For several decades, ­successive governments had been ­reducing the number of beds in hospitals in the hope more care would shift elsewhere. But this unjustified optimism has left us with far too few beds – fewer per head than almost any other wealthy country. The then NHS chief executive, Simon Stevens, acknowledged this in 2019. One of the main causes of the current lengthy waiting times, both for ­hospital appointments, and A&E, is the lack of available space – something exacerbated by creaking social care provision that leaves many older patients stuck in hospital ­waiting to be moved elsewhere.

There has been a frustrating reluctance from successive governments to add more beds, partly because of the expense, but also out of a belief that adding too many will undermine the push to keep people out of hospital. Yet the refusal to do so makes it much harder to end the sense of crisis in hospitals and get the system to a place where it can shift attention.

Because of this and despite the likely focus of Streeting’s 10-year plan it’s hard to see how he can avoid, once again, focusing on hospitals over the next few years. This has been implicitly acknowledged in the government’s adoption of very similar waiting time targets to the ones eventually achieved by New Labour. Making progress on these simply has to be a priority because they, along with the ability to make a GP appointment, are what voters notice.

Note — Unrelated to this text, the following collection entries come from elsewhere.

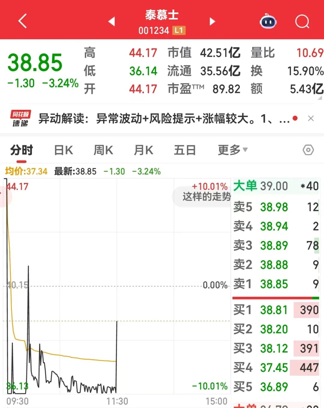此前已实现5连板的(001234)今日早盘“炸板”后直线跳水跌停,盘中上演“天地板”。截至早盘收盘,该股跌3.24%,成交总额5.43亿元,换手率15.9%。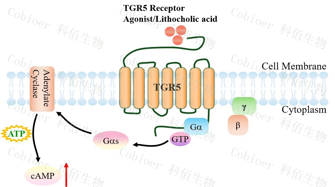 | TGR5 受體是第一個(gè)已知的膽汁酸特異性 G 蛋白偶聯(lián)受體,也被稱為膽汁酸受體 1(GPBAR1),屬于 A 類 GPCR 亞家族。該受體由七個(gè)跨膜螺旋(TMH1-7)、三個(gè)胞外環(huán) (ECL1-3)組成,有助于配體結(jié)合,以及三個(gè)胞內(nèi)環(huán)(ICL1-3),參與將信號(hào)傳遞給下游 信號(hào)分子。TGR5 在體內(nèi)廣泛存在,在膽囊、回腸、結(jié)腸、棕色脂肪組織、脾臟、肺、骨 骼肌、胰島,肝臟中均有表達(dá)。有文獻(xiàn)報(bào)道 TGR5 被認(rèn)為是治療代謝性疾?。ㄈ?2 型糖尿 病)的潛在靶點(diǎn)。此外,TGR5 還能降低單核細(xì)胞中促炎細(xì)胞因子的水平,在炎癥過程 (包括結(jié)腸炎和動(dòng)脈粥樣硬化)中發(fā)揮核心作用的病理調(diào)節(jié)。 | |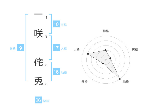 一咲 侘兎さんを姓名の画数から五運を鑑定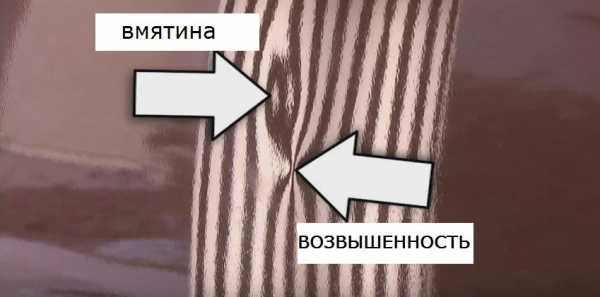 - При использовании отражающей панели с полосами, нужно, чтобы отражение расходящихся линий изменилось на параллельные. Вмятина определяется по расходящимся линиям, а выпуклость – по сходящимся.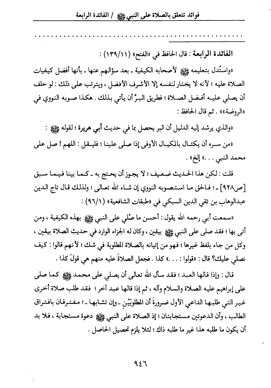 " واستُدل بتعليمه صَلَّى اللَّهُ عَلَيْهِ وَسَلَّمَ لأصحابه الكيفية - بعد سؤالهم عنها - بأنها أفضل كيفيات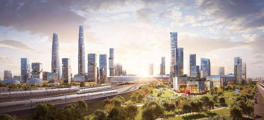 枢纽站房、活力绿轴、地标建筑簇群相互融合,成为开放共享的“城市客厅”、汇聚人流的“站城门户”。

If the public don’t see change Labour are going to lose one of their best arguments for a second term.

Nor does Streeting have much money to play with. It’s true the NHS, as usual, got a better settlement in this month’s spending review than any other department. But it’s still less per year than in the last parliament, and much lower than the rises during the Blair years when ­waiting lists were last brought under ­control. Health services around the world are getting more expensive at much the same rate, partly because of older populations, but mainly because of better drugs and ­treatments that, once ­discovered, create new demand.

The NHS could certainly be more efficient, but productivity is now going up after a big dip in the years immediately after the pandemic, when tens of thousands of doctors and nurses were hired in a panic. It’s just not enough to counter the wider trends. Most hospital trusts have set deficit budgets and are scrambling for savings, mainly in staff costs.

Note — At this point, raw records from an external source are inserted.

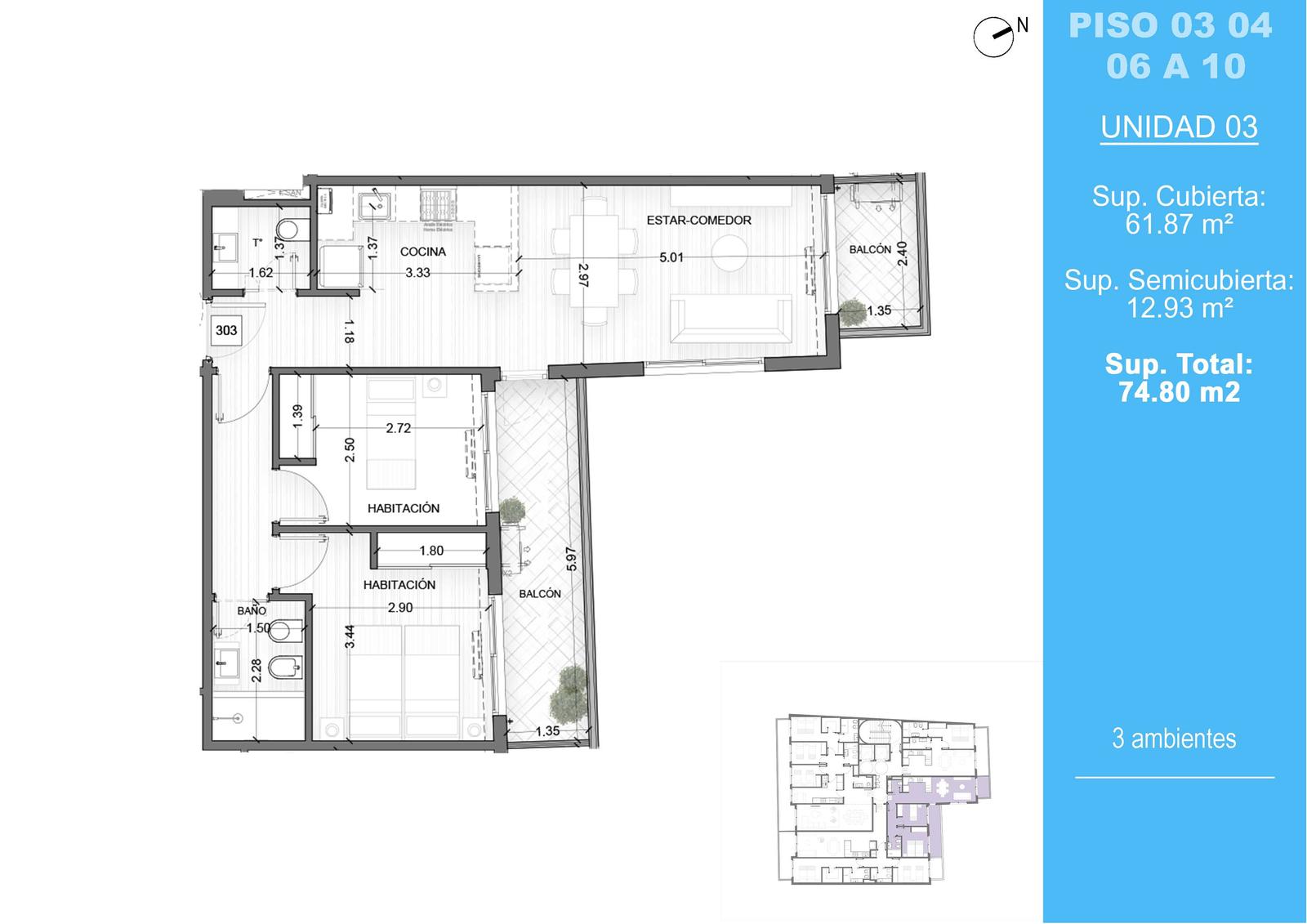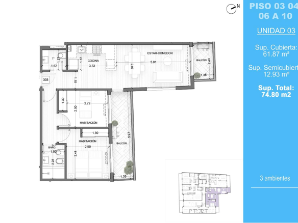 • Tamaño de propiedad 74.8 M2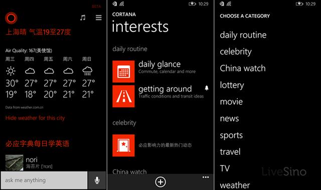 2014 年 4 月,微软在 Build 开发者大会上推出了 Cortana (小娜),它的首发平台是 Windows Phone 8.1,也就是手机移动端,并非 PC 端。不过微软对它的定位可不只是单纯的语音助手,而是「智能个人助理」。在我看来,这两者的区别关键在于主观能动性上,首次启动小娜时,她就会主动了解你的信息,比如称呼、家庭或公司地址、喜欢的明星、关注的新闻领域、出行安排等等,把这些信息整合起来,小娜会适时给出你建议。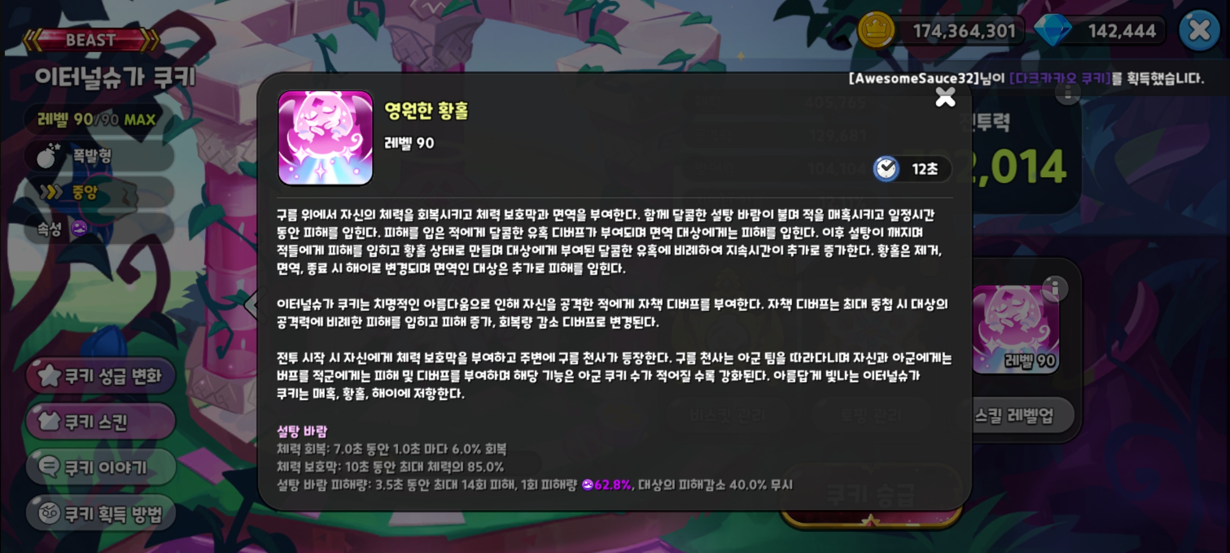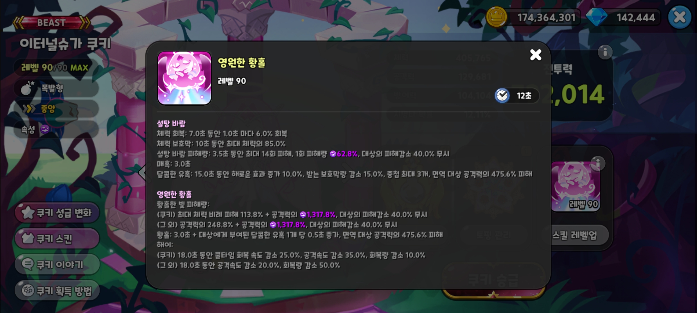 자책 최대 중첩시 피해량 : (쿠키) 공격자 공격력의 734.9%, (그 외) 이터널슈가 쿠키 공격력의 414.8%

The government’s scrapping of NHS England, and decision to slash staff numbers at regional management level in half, could cut costs but there doesn’t seem to be much of a plan as to how to do it, leading to a big opportunity cost and a big hit to morale as management tries to reorganise.

On the plus side, a significant sum has been put aside to invest in technology – particularly the NHS app and patient record ­systems. This could make a difference but it will take time to develop, and the health department doesn’t have the best of records with large-scale IT procurements. Much hope is being invested in the ability of AI to provide a big productivity boost but it’s still unclear how much of a ­difference it will make, and ­underlying IT systems are often too antiquated to take full advantage. It’s a bit like trying to install Call of Duty on an Atari.

Streeting’s best bet is to accept he will have to focus on hospitals in the short term. That doesn’t mean ­giving up on the long-term strategy but it would make more sense, given the lack of resources, to try to get the system in shape to pursue it in a second term by investing now in IT and small-scale testing of new strategies. Regional mayors can be allies in this given prevention budgets are still held at local government level.

Trying to do everything all at once is likely to end up with the same lack of prioritisation that has undermined previous efforts. Let’s see if Streeting’s plan acknowledges the extent of the challenge and this history of previous failures.